You start by populating an assumption library with sources, CAGRs, pricing, channel mix, and penetration metrics. The skill generates a scenario matrix (base, upside, downside) and runs sensitivity checks using tornado charts or Monte Carlo snippets. It produces ready-to-use spreadsheet/notebook skeletons and slide-ready visuals (waterfall, area, heat maps).
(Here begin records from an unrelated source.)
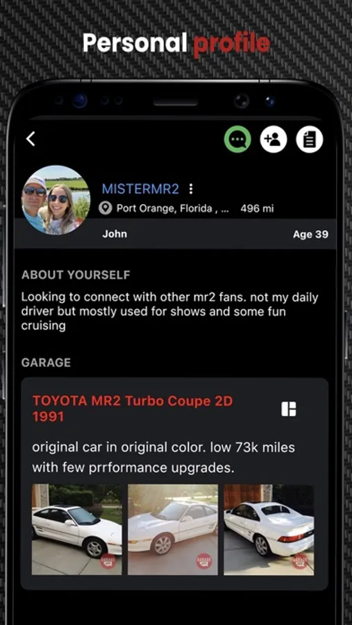 - A garage page where you can view and showcase vehicles from other community members based on location.
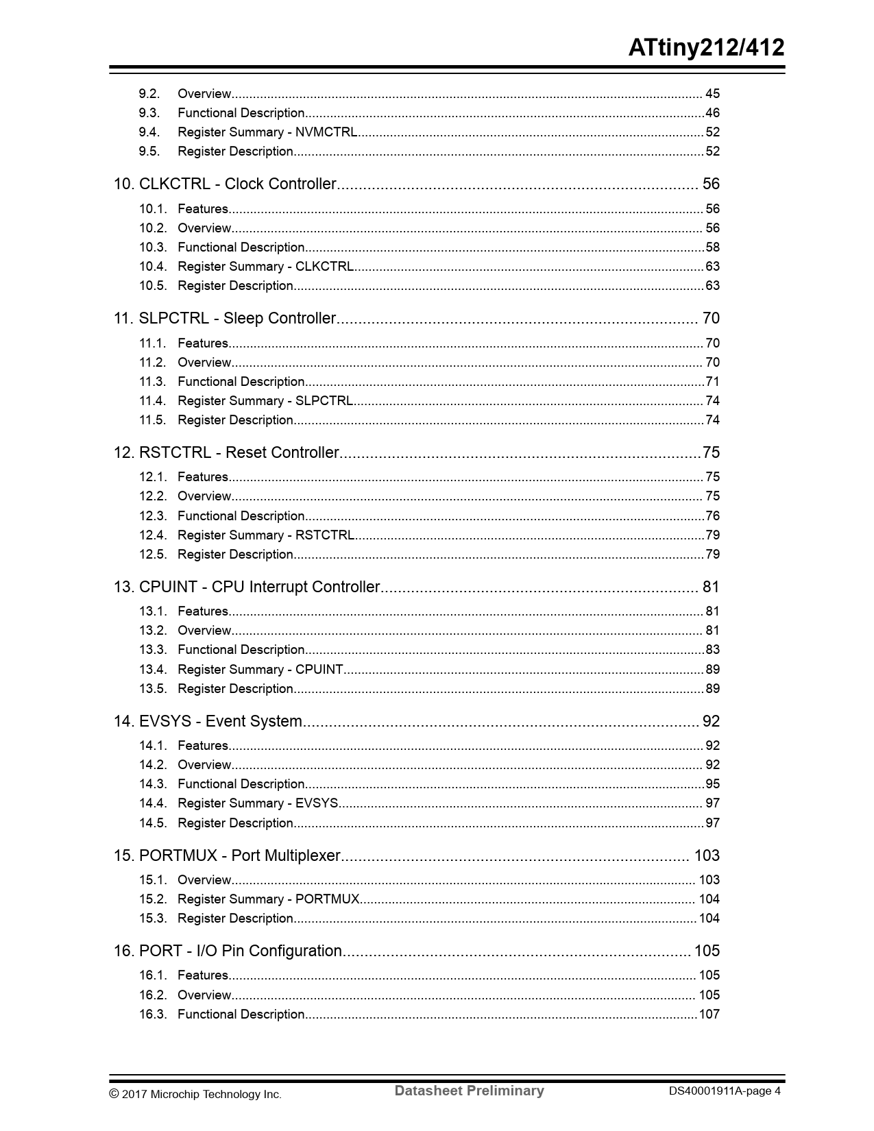 9.2. Overview.. 45 9.3. Functional Description..46 9.4. Register Summary - NVMCTRL... 52 9.5. Register Description... 52 10. CLKCTRL - Clock Controller... 56 10.1. Features... 56 10.2. Overview.. 56 10.3. Functional Description..58 10.4. Register Summary - CLKCTRL.. 63 10.5. Register Description... 63 11. SLPCTRL - Sleep Controller... 70 11.1. Features... 70 11.2. Overview.. 70 11.3. Functional Description..71 11.4. Register Summary - SLPCTRL.. 74 11.5. Register Description... 74 12. RSTCTRL - Reset Controller...75 12.1. Features... 75 12.2. Overview.. 75 12.3. Functional Description..76 12.4. Register Summary - RSTCTRL..79 12.5. Register Description... 79 13. CPUINT - CPU Interrupt Controller... 81 13.1. Features... 81 13.2. Overview.. 81 13.3. Functional Description..83 13.4. Register Summary - CPUINT... 89 13.5. Register Description... 89 14. EVSYS - Event System... 92 14.1. Features... 92 14.2. Overview.. 92 14.3. Functional Description..95 14.4. Register Summary - EVSYS.. 97 14.5. Register Description... 97 15. PORTMUX - Port Multiplexer.. 103 15.1. Overview.. 103 15.2. Register Summary - PORTMUX.. 104 15.3. Register Description... 104 16. PORT - I/O Pin Configuration.. 105 16.1. Features... 105 16.2. Overview.. 105 16.3. Functional Description..107 © 2017 Microchip Technology Inc.
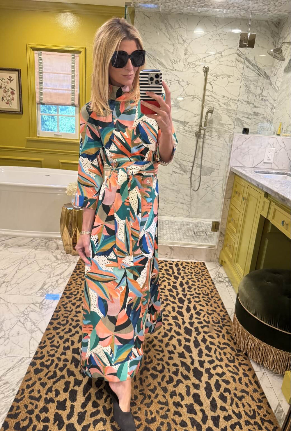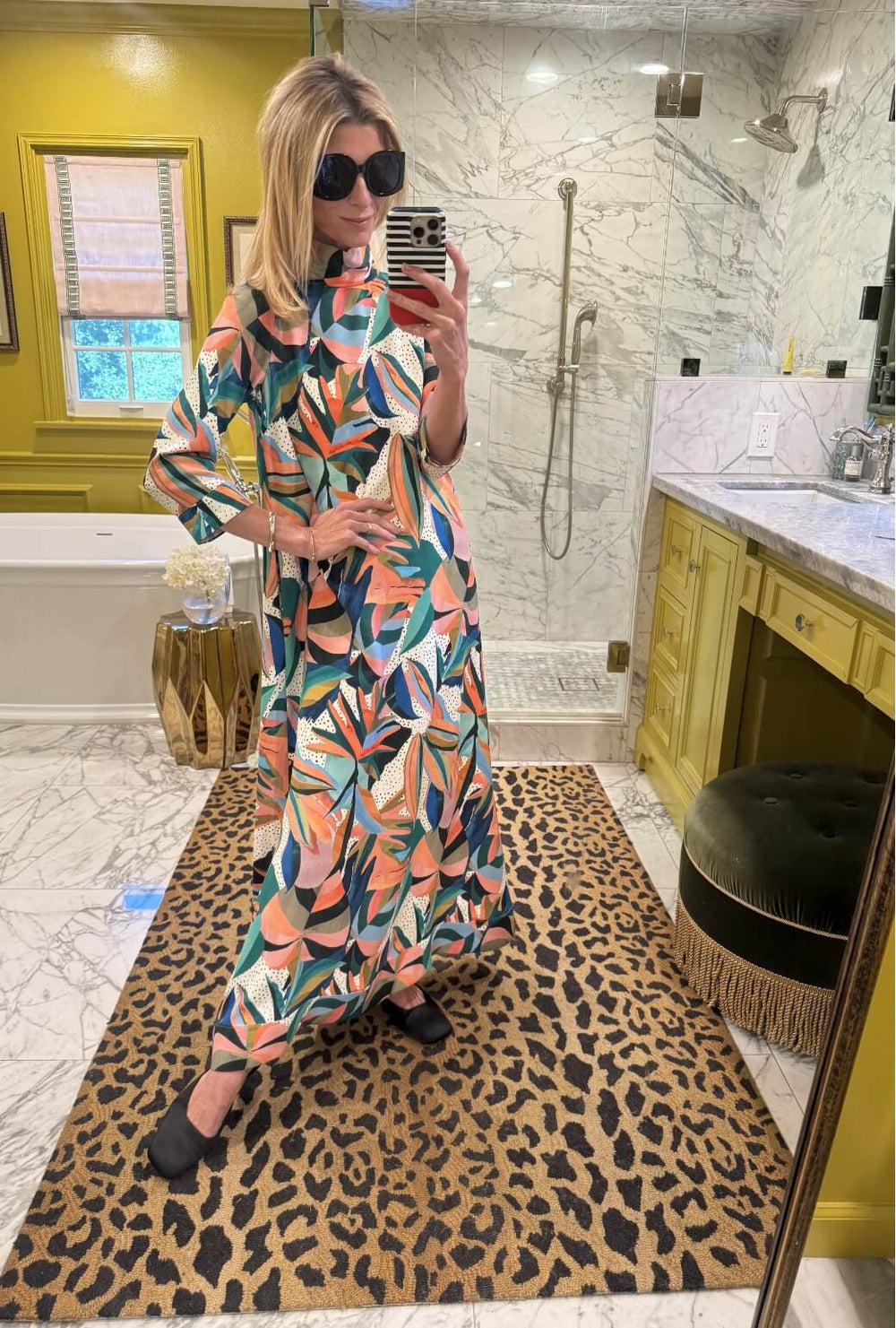 Fancy leaving your house in your nightgown? Well then, consider this Kaftan a wish granted. Soft, elegant and statement making, this Kaftan featuring buttons down the back, pockets, a self belt and a colorful palm print is something we all deserve to own.
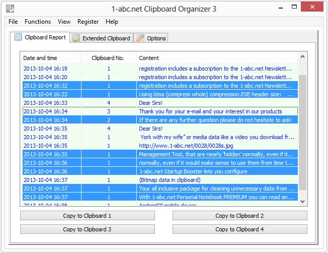 1-abc.net Clipboard Organizer bir panodan çok daha fazladır: Harika bir rapor özelliği sayesinde program aktif olduğu sürece tüm panodaki değişiklikleri görüntüleme sağlar. Hangi metni kopyaladığınız zamanı analiz edebilir ve kolayca tekrar istediğiniz yere yapıştırmalısınız. 4 panodan herhangi birinden silinen içeriği başka panoya ekleyebilirsiniz. Hatta yıllar sonra bile panoya veri alabilirsiniz. Günlük verilerini yerel sisteme kayıt eder.
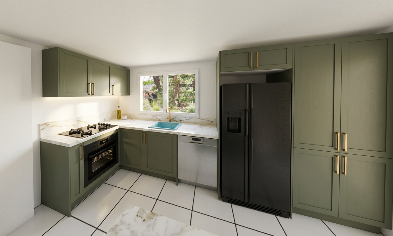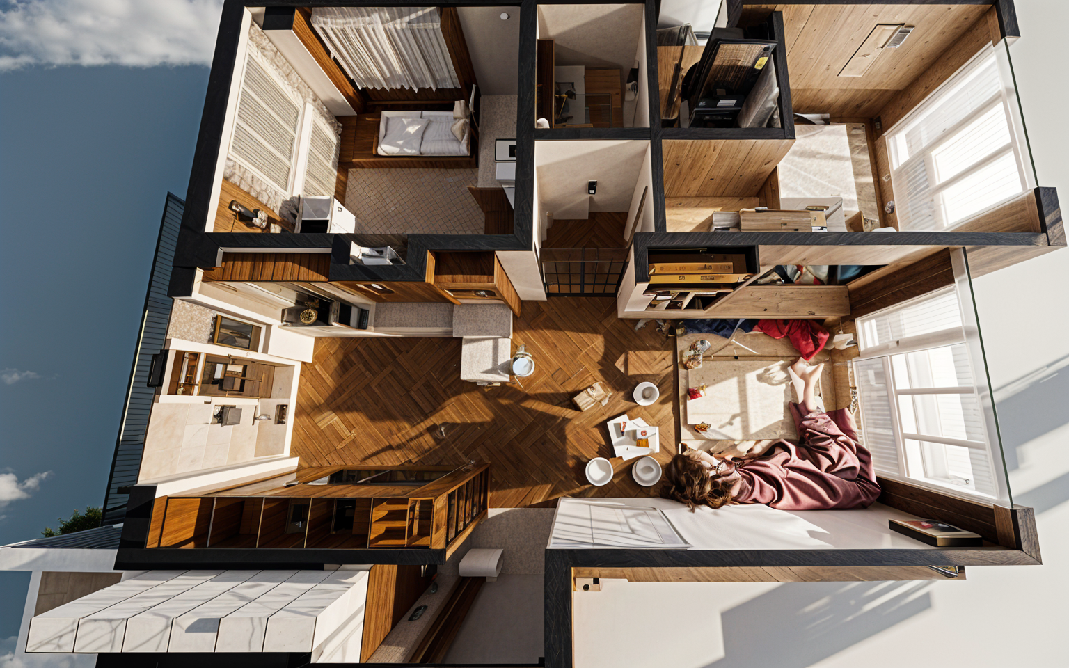 colours to remain accurate as per original given picture wood texture to be subtle drawers and all table top surface in warm beige laminate with a soft blush pink undertone and subtle wood grain texture niche in light beige microcement and only bottom till study table in muted soft pink subtle wood grains top half of carpentry in solid colour light beige and only bottom till study table in muted soft pink subtle wood grains 2 doors full height cabinet in mirror recessed 150mm height skirting ontop ceiling in off white bed headboard in solid colour light beige floor in muted light beige vinyl subtle grains ceiling fan in white walls in off white sunlight coming in from the right side of room
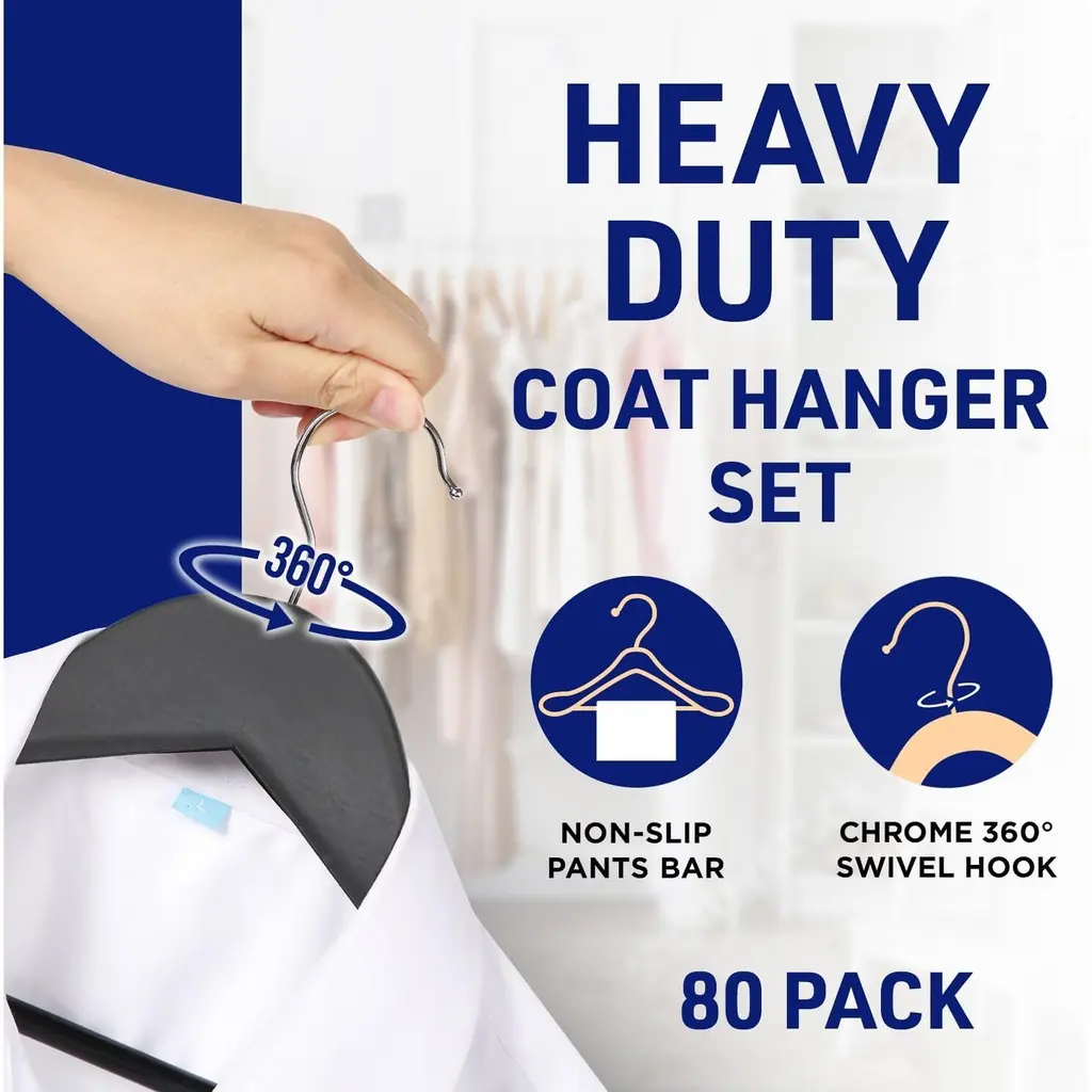 Wooden Clothes Hangers – With 360 Degree Swivel Hook And Non-Slip Shoulder Notch, Holds Up To 10 Lbs - Pack Of 80 - Brown
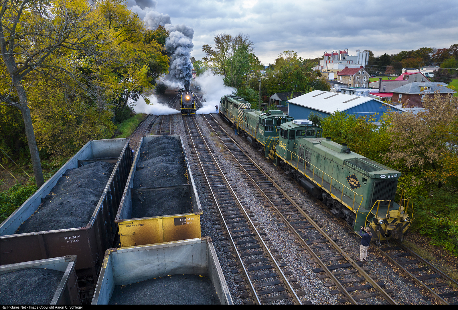 The Fall Leaf special blasts off from Reading Outer Station lead by the RDG 2102. Just starting to pull the steam and smoke show draw photographers in. The train passes by other Reading and Northern power staged just North of the station.
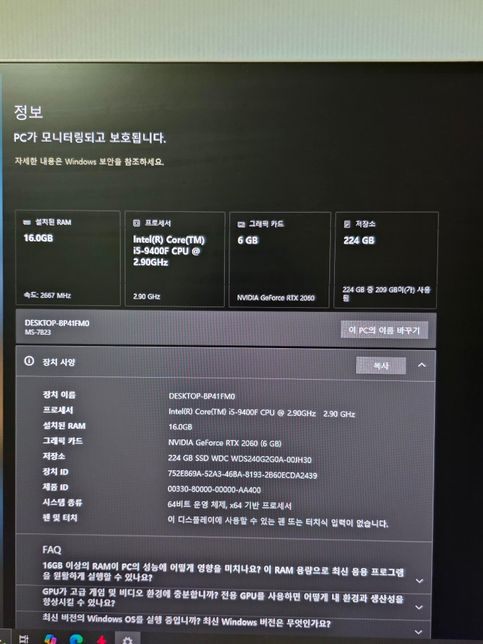 현재 스펙은 이정도 이고 배그 국민옵 돌리는기준으로 가능할지 문의합니다...........................

Decision hooks surface trigger points, investment needs, and guardrails tied to each scenario.

When to use it

  • Translating market research into financial forecasts for planning cycles
  • Stress-testing revenue, pricing, or adoption assumptions before board reviews
  • Preparing investment asks and go-to-market resource scenarios
  • Creating audit-ready scenario deliverables for finance and product alignment
  • Converting competitive or customer research into actionable TAM/SAM/SOM outputs

Best practices

  • Keep an auditable assumption library with source links and timestamps for every input
  • Align currency, inflation, and exchange-rate rules with finance before modeling
  • Build base, upside, and downside cases with explicit driver changes rather than opaque tweaks
  • Use sensitivity outputs (tornado, Monte Carlo) to prioritize which levers require validation
  • Bundle a one-page narrative that ties numbers to recommended actions and risks

Example use cases

  • A product team converts survey and usage data into SAM/SOM projections to set launch targets
  • Revenue ops runs Monte Carlo on win-rate and pricing sensitivity to size quota risk
  • Marketing tests channel-mix shifts to quantify cost-per-acquisition impact on SOM
  • Finance requests scenario slides and a one-pager to evaluate an incremental investment ask
  • Strategy uses waterfall and heat maps to justify market-entry timing and required budget

FAQ

Can I link this to my existing spreadsheets or BI tools?

Yes. Templates are designed as spreadsheet/notebook skeletons that export clean inputs/outputs for import into BI tools or existing financial models.

Does it support probabilistic sensitivity like Monte Carlo?

Yes. The skill includes Monte Carlo snippets and deterministic tornado analyses to handle probabilistic and one-way sensitivity testing.